References to awards in previous cases
"We wholly agree with the ruling in Rantzen that juries should not a present be reminded of previous libel awards by juries. The awards will have been made in the absence of specific guidance by the judge and may themselves by very unreliable markers".
References to awards in personal injury cases
"The conventional compensatory scales in personal injury cases must be taken to represent fair compensation in such cases unless and until those scales are amended by the courts or by Parliament. It is in our view offensive to public opinion and rightly so, that a defamation plaintiff [claimant] should recover damages for injury to reputation greater, perhaps a by a significant factor, than if that same plaintiff [claimant]had been rendered a helpless cripple or an insensate vegetable. The time has in our view come when judges and counsel should be free to draw the attention of juries to these comparisons".
Conclusion
"The modest but important changes in practice described above would not in our view undermine the enduring constitutional position of the libel jury. Historically, the significance of the libel jury has lain not in their role of assessing damages, but their role of deciding whether the publication complained of is a libel or no. The changes which we favour will, in our opinion, buttress the constitutional role of the libel jury by rendering their proceedings more rational and so more acceptable to the public opinion".
Injunction
Where a claimant has brought successful defamation proceedings against a defendant he may easily obtain an injunction to prevent any further publication of the defamatory statement.
However, a claimant may also wish to seek to obtain an injunction against an alleged defamer before proceedings have begun. In Bonnard v Perryman (1891) 2 Ch 269 the court held that whilst it had jurisdiction to prevent or restrain publication by the use of an interloctury injunction this jurisdiction was strictly discretionary and only to be used in cases where, if a jury were to find the words complained of not defamatory, that verdict would be set aside as unreasonable and where, although the defendant swears he has a plea of justification, the Court can be totally sure that it would fail. An injunction was not granted on the facts of the case and the court added that it would only be granted in the most 'exceptional cases', the court would not interfere and wished to leave the relevant matters to the jury.
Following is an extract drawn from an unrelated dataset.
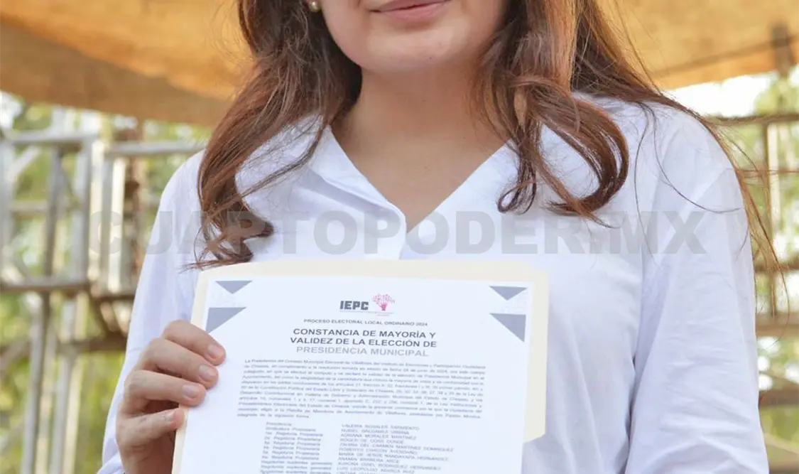 Valeria Rosales Sarmiento recibió ayer martes, en compañía del presidente de Morena, Carlos Molina y del diputado electo por el distrito 23, Mario Guillén Guillén, la constancia de mayoría de votos que la acredita como presidenta municipal electa de Villaflores. Con el total de actas electorales computadas, obtuvo 53 mil 340 votos, convirtiéndose en la presidenta municipal más votada en la historia de Villaflores.

Lord Denning explained the rationale of this rule in Fraser v Evans [1969] 1 QB 349 and applied and expanded it a little in Harakas and others v Baltic Merchantile and Shipping Exchange Ltd and another [1982] 1 WLR 958.
There is an exception to the rule in Bonnard v Perryman provided by A-G v News Group Newspapers Ltd [1987] QB 1 whereby an injunction shall be granted if the conditions of the Contempt of Court Act, 1981 are fulfilled. In that case an injunction was obtained against the News of the World to prevent it from publishing several allegations. The claimant had already issued defamation proceedings against the News of the World for allegations published in earlier editions. The statements to be published had been published by the Mail on Sunday, against whom the claimant also had an injunction, although the News of the World claimed that its information was from independent investigations.
In cases where a libel is threatened by the defendant the claimant may obtain a quia timet injunction following the decision in British Data Management plc v Boxer Commercial Removal plc and another [1996] 3 All ER 707. The claimant must be able to show to the court with certainty the gist of the threatened libel, a verbatim record is not necessary.